Would you return the data exactly as given, except for its pictures?

Dataset content:
☆ ☆ ☆ ☆

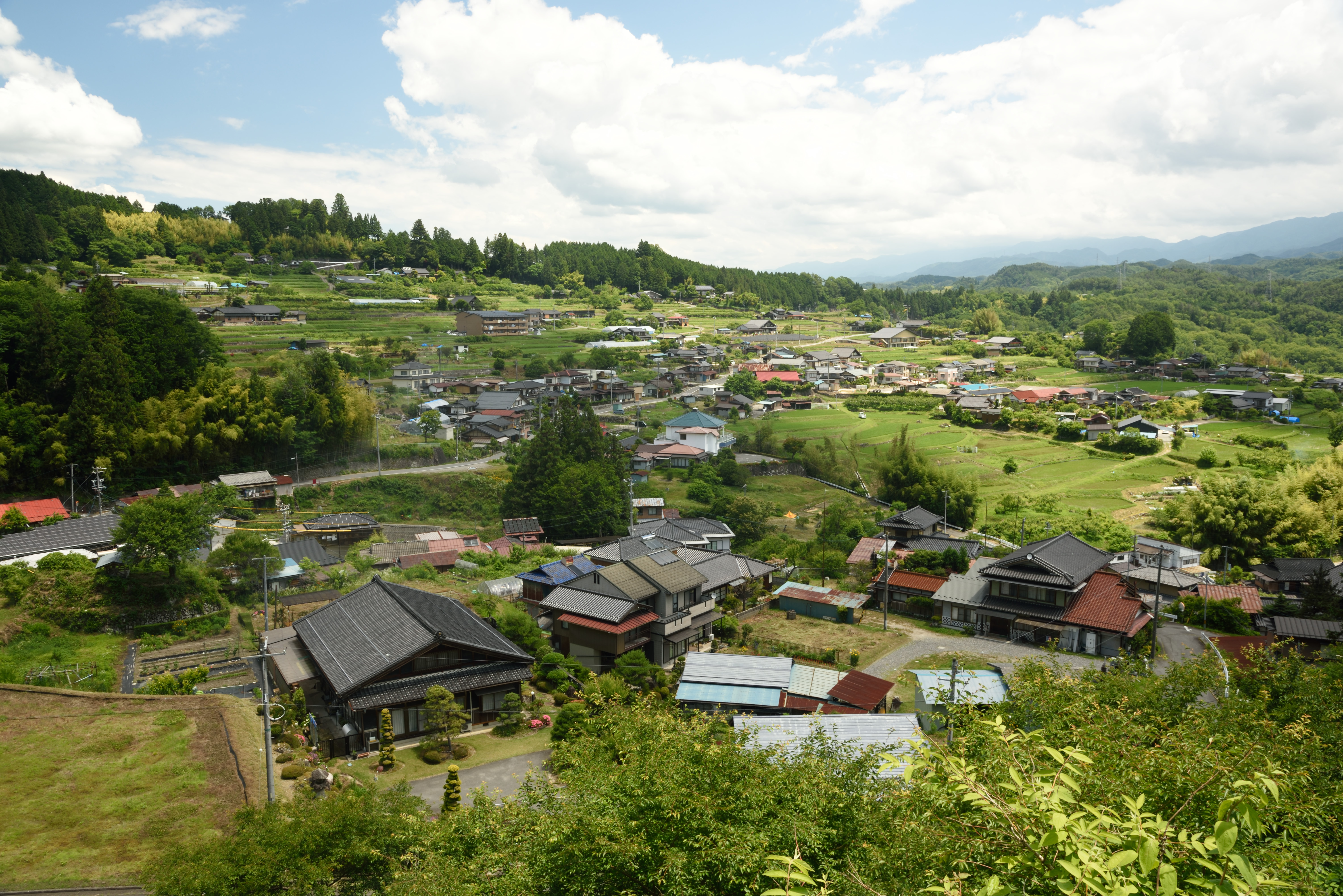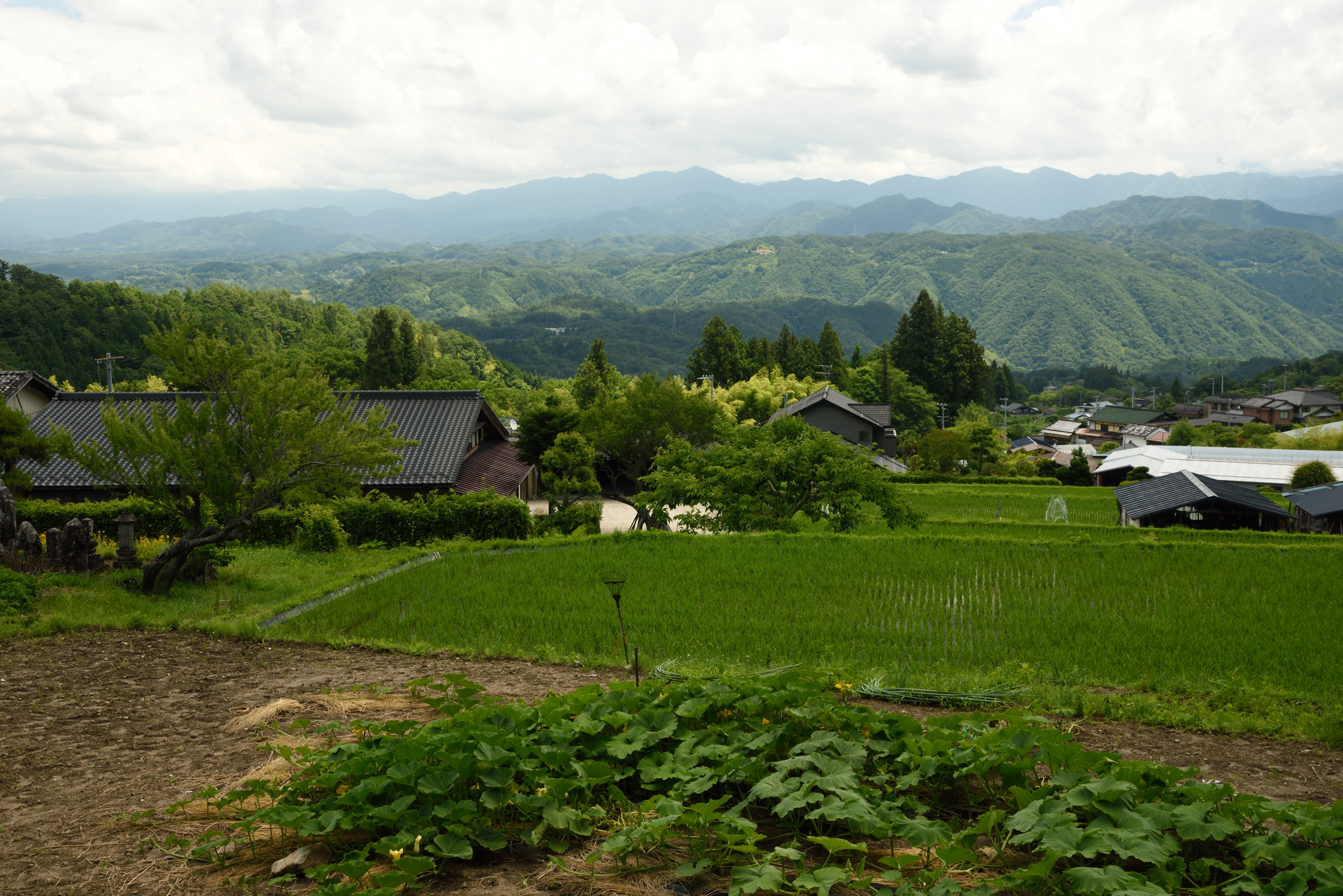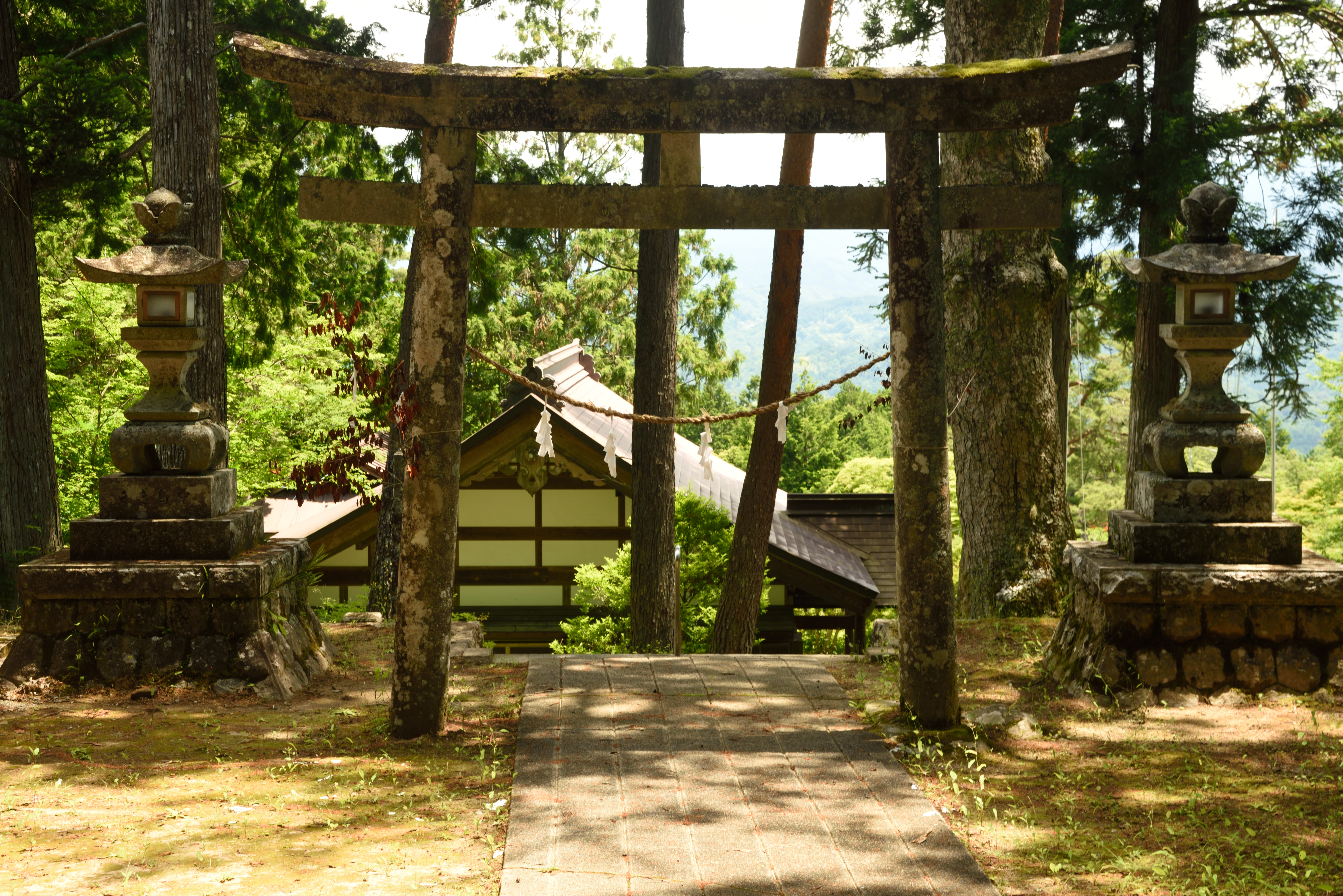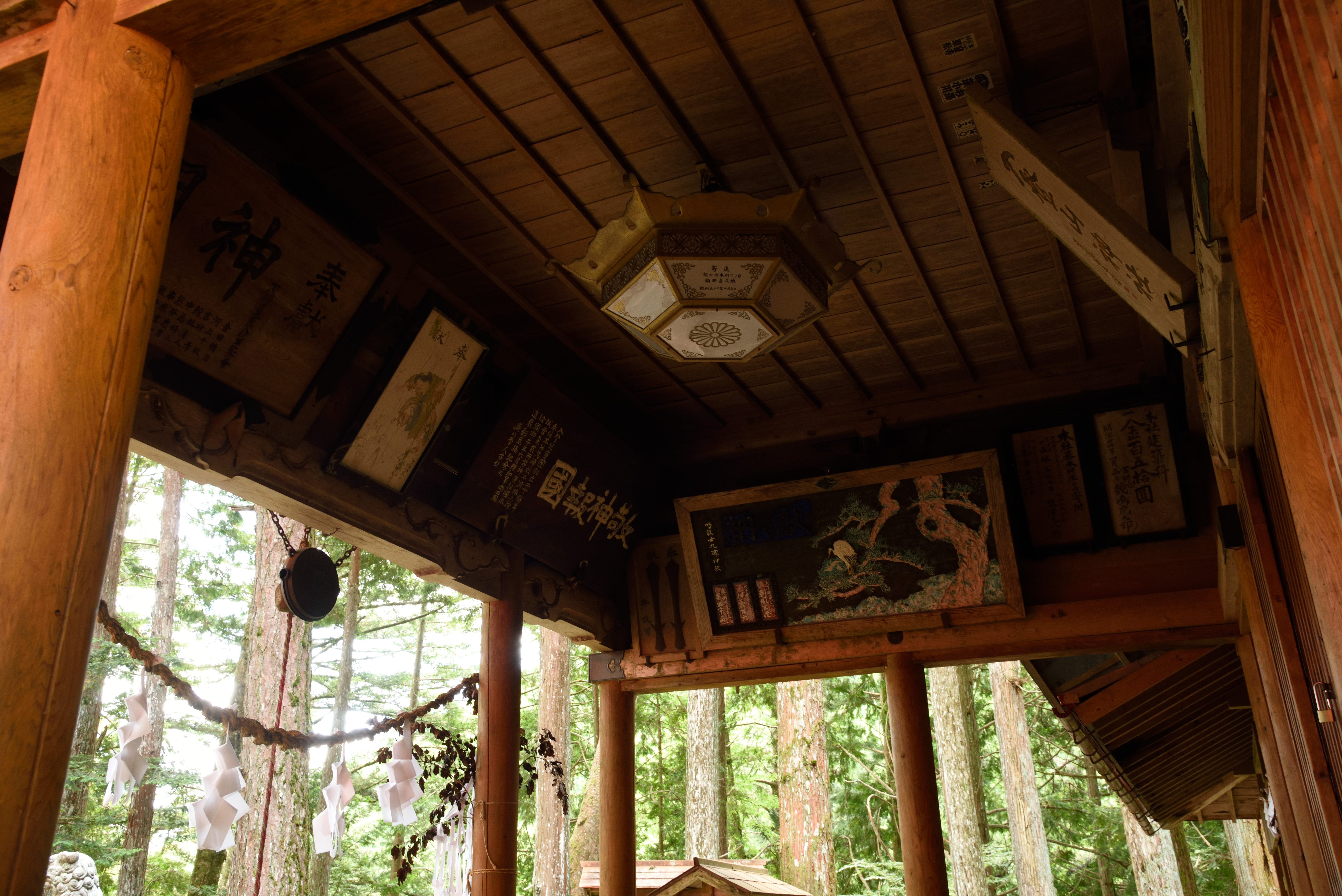 下條村を散策 2020/6/21(6年前) 写真, 甲信越, 長野 そば畑の近くに「入登山神社」への案内板があったので行ってみました. 本殿・拝殿.鮮やかな朱塗りの屋根です. 軒下には立派な絵や額が飾られていました. 拝殿から参道を撮影. そば畑から帰る途中の光景. 眺めがよいです.
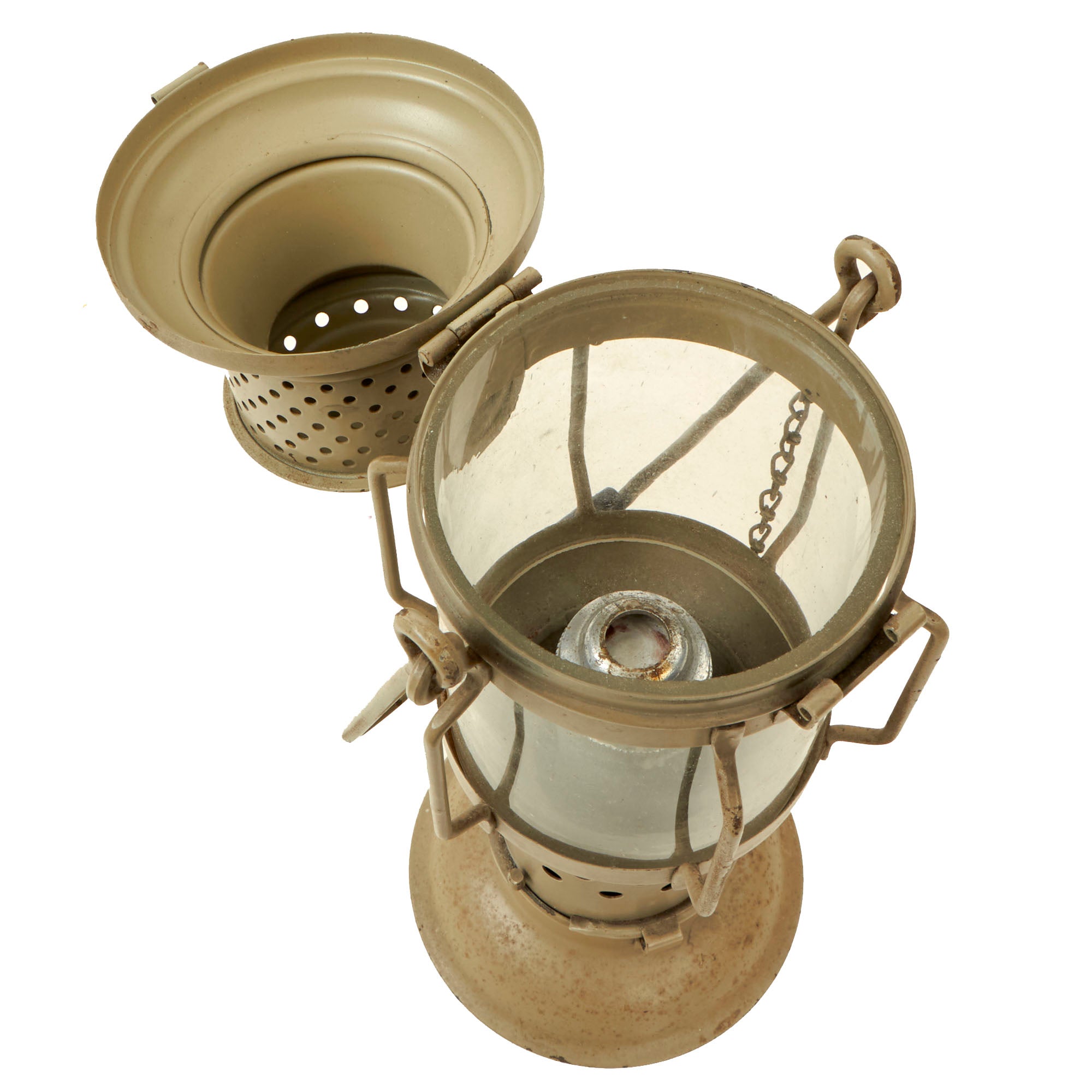 The lantern measures roughly 14” tall without the handle extended, and twists off at the bottom to allow for the candle to be changed. A hinge on top allows the top to bend over so the candle may be lit, and a pin locks it closed once that is done. The tube on the interior has a spring that raises the candle as it burns. The maker marking is under the opening hinge. Paint color may indicate Afrikakorps use but we have no evidence to back this up. The lantern is in good shape overall without any extensive damage. No candle is left inside but this could certainly still be used.
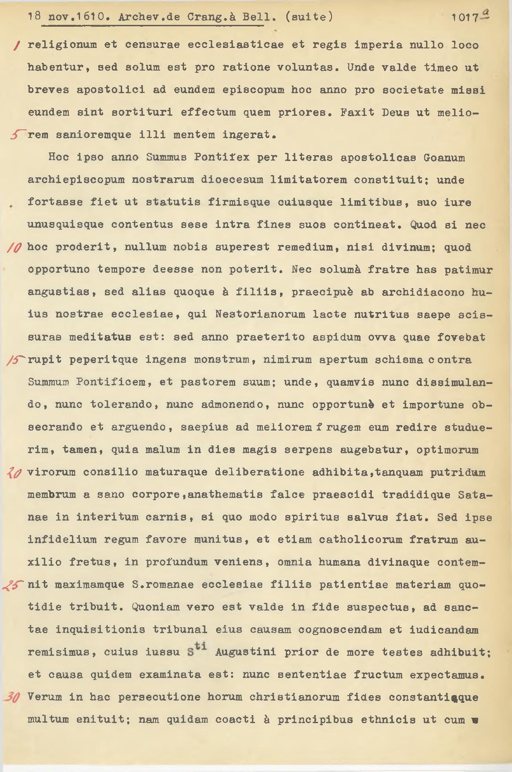 rupit peperitque ingens monstrum, nimirum apertum schisma contra Summum Pontifioem, et pastorem suum; unde, quamvis nunc dissimulando, nunc tolerando, nunc admonendo, nunc opportuni et importune obsecrando et arguendo, saepius ad melioremfrugem eum redire studuerim, tamen, quia malum in dies magis serpens augebatur, optimorum virorum consilio maturaque deliberatione adhibita,tanquam putridum membrum a sano corpore,anathematis falce praescidi tradidique Satanae in interitum carnis, si quo modo spiritus salvus fiat. Sed ipse infidelium regum favore munitus, et etiam catholicorum fratrum auxilio fretus, in profundum veniens, omnia humana divinaque contemnit maximamque S.romanae ecclesiae filiis patientiae materiam quotidie tribuit. Quondam vero est valde in fide suspectus, ad sanctae inquisitionis tribunal eius causam cognoscendam et iudicandam remisimus, cuius iussu S.ti Augustini prior de more testes adhibuit; et causa quidem examinata est: nunc sententiae fructum expectamus.

☆ ☆ ☆ ☆

Exercise output:
 下條村を散策 2020/6/21(6年前) 写真, 甲信越, 長野 そば畑の近くに「入登山神社」への案内板があったので行ってみました. 本殿・拝殿.鮮やかな朱塗りの屋根です. 軒下には立派な絵や額が飾られていました. 拝殿から参道を撮影. そば畑から帰る途中の光景. 眺めがよいです.
 The lantern measures roughly 14” tall without the handle extended, and twists off at the bottom to allow for the candle to be changed. A hinge on top allows the top to bend over so the candle may be lit, and a pin locks it closed once that is done. The tube on the interior has a spring that raises the candle as it burns. The maker marking is under the opening hinge. Paint color may indicate Afrikakorps use but we have no evidence to back this up. The lantern is in good shape overall without any extensive damage. No candle is left inside but this could certainly still be used.
 rupit peperitque ingens monstrum, nimirum apertum schisma contra Summum Pontifioem, et pastorem suum; unde, quamvis nunc dissimulando, nunc tolerando, nunc admonendo, nunc opportuni et importune obsecrando et arguendo, saepius ad melioremfrugem eum redire studuerim, tamen, quia malum in dies magis serpens augebatur, optimorum virorum consilio maturaque deliberatione adhibita,tanquam putridum membrum a sano corpore,anathematis falce praescidi tradidique Satanae in interitum carnis, si quo modo spiritus salvus fiat. Sed ipse infidelium regum favore munitus, et etiam catholicorum fratrum auxilio fretus, in profundum veniens, omnia humana divinaque contemnit maximamque S.romanae ecclesiae filiis patientiae materiam quotidie tribuit. Quondam vero est valde in fide suspectus, ad sanctae inquisitionis tribunal eius causam cognoscendam et iudicandam remisimus, cuius iussu S.ti Augustini prior de more testes adhibuit; et causa quidem examinata est: nunc sententiae fructum expectamus.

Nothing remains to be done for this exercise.